Now, to come to the contents of Bouchet's criticism of Goodrick-Clarke as a historian, he alleges that: "Goodrick-Clarke has dispensed with all research work and has merely relayed Savitri Devi's own sayings without analysing or criticizing them." (p.92, likewise p.87) The problem is that this single source, her autobiography, is not supported by any independent evidence, and that she can easily have refashioned her past: "For the period from her birth until after World War 2, we have to trust Savitri Devi Mukherji for her life story. However, it is obvious that she herself has arranged her biography a posteriori in order to harmonize it with the themes defended in her books." (p.88)
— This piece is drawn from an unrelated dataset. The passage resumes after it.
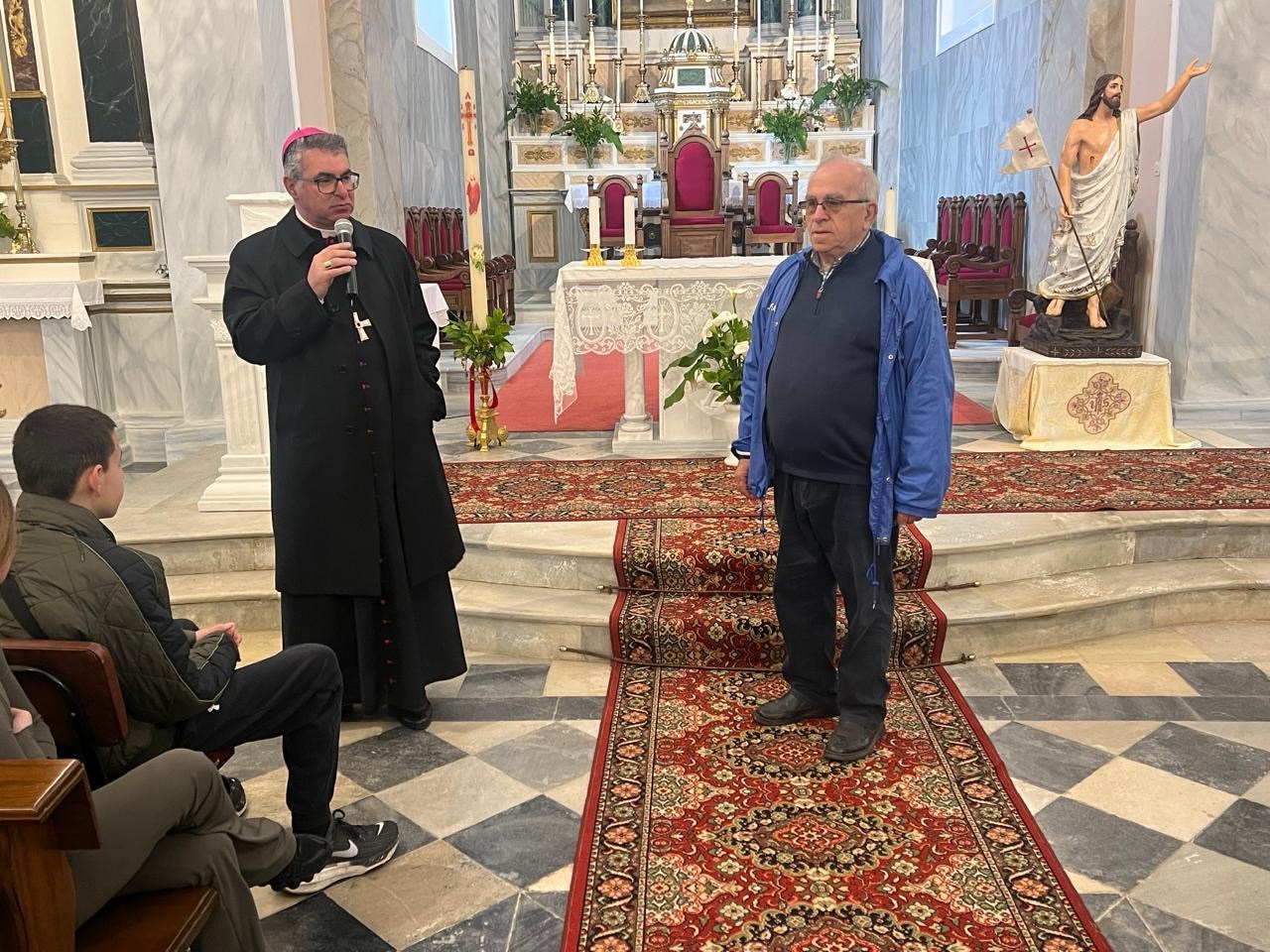Αρχικό σταθμό της επίσκεψης αποτέλεσε η παρουσία στον Ιερό Καθεδρικό Ναό της Παναγίας του Ροδαρίου, όπου οι μαθητές ενημερώθηκαν από τον Σεβασμιώτατο Αρχιεπίσκοπο Νάξου–Τήνου Ιωσήφ Πρίντεζης για την ιστορική πορεία και τη σύγχρονη πραγματικότητα της Καθολικής κοινότητας στο νησί. Μέσα από την παρουσίασή του αναδείχθηκε με σαφήνεια το πρότυπο ειρηνικής συνύπαρξης Ορθοδόξων και Καθολικών στην Τήνο, καθώς και το βαθύ κλίμα αλληλοσεβασμού που χαρακτηρίζει την τοπική κοινωνία.

8. What is Intellectual History?
by Stefan Collini (English, Cambridge) writing for History Today magazine

The study of The History of Ideas is to Traditionalism as Cartesian Analytical Geometry is to Calculus. You must have the first in order to be able to "see" what is going on in the second.
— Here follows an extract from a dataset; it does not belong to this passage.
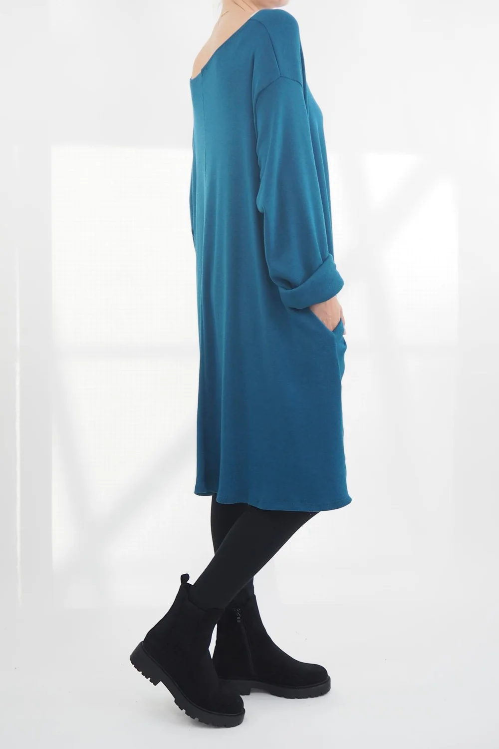 Indulge in the ultimate comfort and style with our super soft, relaxed, and oh-so-cosy: Chalet Pocketed Swing Soft Knit Dress in Prussian green blue tone, from Made in Italy Clothing, crafted for those moments of everyday relaxation, this set is a must-have for your autumn wardrobe. The swing dress shape flatters all shapes and sizes while allowing you to move with ease. Did I mention it has pockets! Paired with cosy leggings and boots for the perfect autumn look, this ensemble effortlessly combines style and comfort.

'[T]he history of ideas' was the label chosen in the 1920s and 1930s by the American philosopher-turned-historian, A.O. Lovejoy, to designate his own idiosyncratic approach to the life of the past, an approach which consisted essentially of isolating the universal 'unit-ideas' out of which, he claimed, all more complex doctrines and theories were composed. Through his many pupils and his founding in 1940 of the Journal of the History of Ideas, Lovejoy's approach dominated the field in American universities for at least a generation, leading to the compilation of immensely thorough but essentially arid lists of the sightings of particular 'unit-ideas'. Lovejoy's own practice was, as is so often the case, better either than his preaching or than the imitative practice of his disciples, and his most famous work, The Great Chain of Being (1936), remains an extremely impressive tour de force. Though his influence has fallen away in recent decades (and the journal he founded has become less mechanical and sectarian in its approach), the term 'the history of ideas' is, at least in the United States, still sufficiently often identified with his work as to cause misunderstanding all of its own.